> **The task**: Where the data below begins, start retyping exactly, and end on the line with "Use the output", which is included; no picture goes in.

> **Data segment**:
╭──
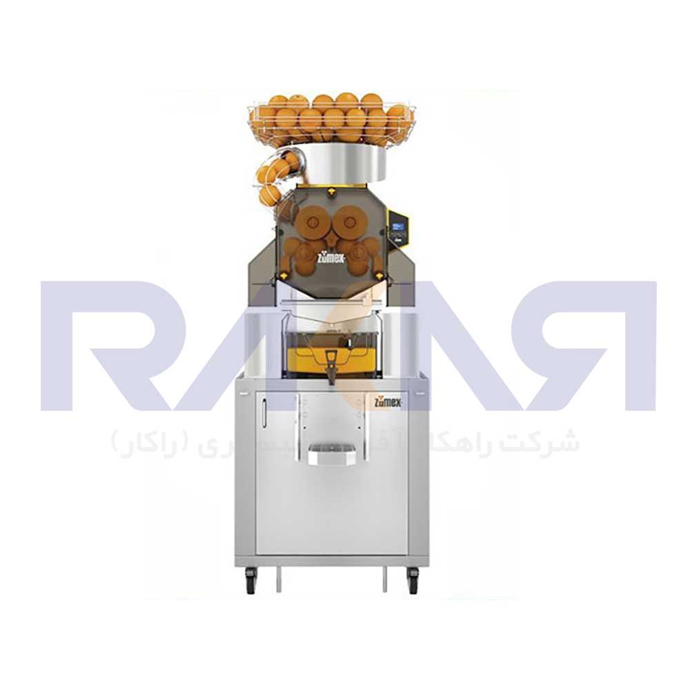 آب پرتقال گیری زومکس یخچال دار یک آب پرتقال گیری برقی است که مجهز به یخچال است. این دستگاه با کیفیت بالا و در سطح بین المللی در اسپانیا ساخته شده است. با توان 0/43 اسب بخار، قابلیت پردازش 40 عدد پرتقال در دقیقه را دارد. سبد جمعآوری میوه آب پرتقال گیری زومکس یخچال دار 20 کیلو گرم ظرفیت دارد. این دستگاه با برق تک فاز کار میکند و به دلیل تک فاز بودنش، توان مصرفی آن نیز کمتر است. این آب پرتقال گیری با توجه به قابلیت یخچال دار بودن، برای طرفداران آب پرتقال خنک بسیار مناسب است. یخچال داخلی دستگاه ظرفیت 7 لیتر دارد.
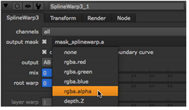 Use the output mask dropdown to select the channel where the traveling mask is stored, or use the mask_splinewarp.a default. |
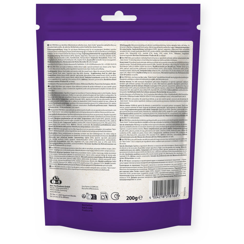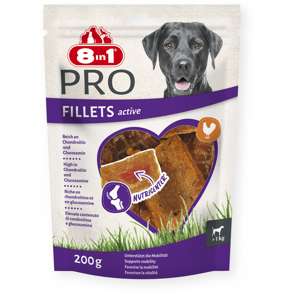 Pamlsky 8in1 Fillets Pro Active jsou lahodné pamlsky prémiové kvality, které pomáhají udržovat vašeho psa v kondici. Pamlsky 8in1 Fillets Pro nejsou jen mimořádně chutné, ale navíc jsou pro vašeho psa lahodnou pochoutkou s přidanou hodnotou. Skládají se z chutných kuřecích prsou se speciální výživnou náplní Nutri-Centre, která obsahuje zdravé a funkční přidané složky podporující pohodu a vitalitu psa. Jedinečná náplň Nutri-Centre má vysoký obsah chondroitinu a glukosaminu, které pomáhají udržovat zdravé kosti a klouby. 8in1 Fillets Pro Active mají nízký obsah tuku a vysoký obsah bílkovin, takže jsou skvělou zdravou odměnou mezi krmením. Navíc jsou vyrobeny bez umělých dochucovadel a konzervačních látek. Uzavíratelný sáček zajistí delší čerstvost a vy si pamlsky můžete snadno vzít s sebou, když jste na cestách. 8in1 Fillets Pro jsou k dispozici ve třech variantách: Pro Active, Pro Dental a Pro Skin & Coat pro uspokojení potřeb každého psa.
╰──
> **Expected output**:
 آب پرتقال گیری زومکس یخچال دار یک آب پرتقال گیری برقی است که مجهز به یخچال است. این دستگاه با کیفیت بالا و در سطح بین المللی در اسپانیا ساخته شده است. با توان 0/43 اسب بخار، قابلیت پردازش 40 عدد پرتقال در دقیقه را دارد. سبد جمعآوری میوه آب پرتقال گیری زومکس یخچال دار 20 کیلو گرم ظرفیت دارد. این دستگاه با برق تک فاز کار میکند و به دلیل تک فاز بودنش، توان مصرفی آن نیز کمتر است. این آب پرتقال گیری با توجه به قابلیت یخچال دار بودن، برای طرفداران آب پرتقال خنک بسیار مناسب است. یخچال داخلی دستگاه ظرفیت 7 لیتر دارد.
 Use the output mask dropdown to select the channel where the traveling mask is stored, or use the mask_splinewarp.a default. |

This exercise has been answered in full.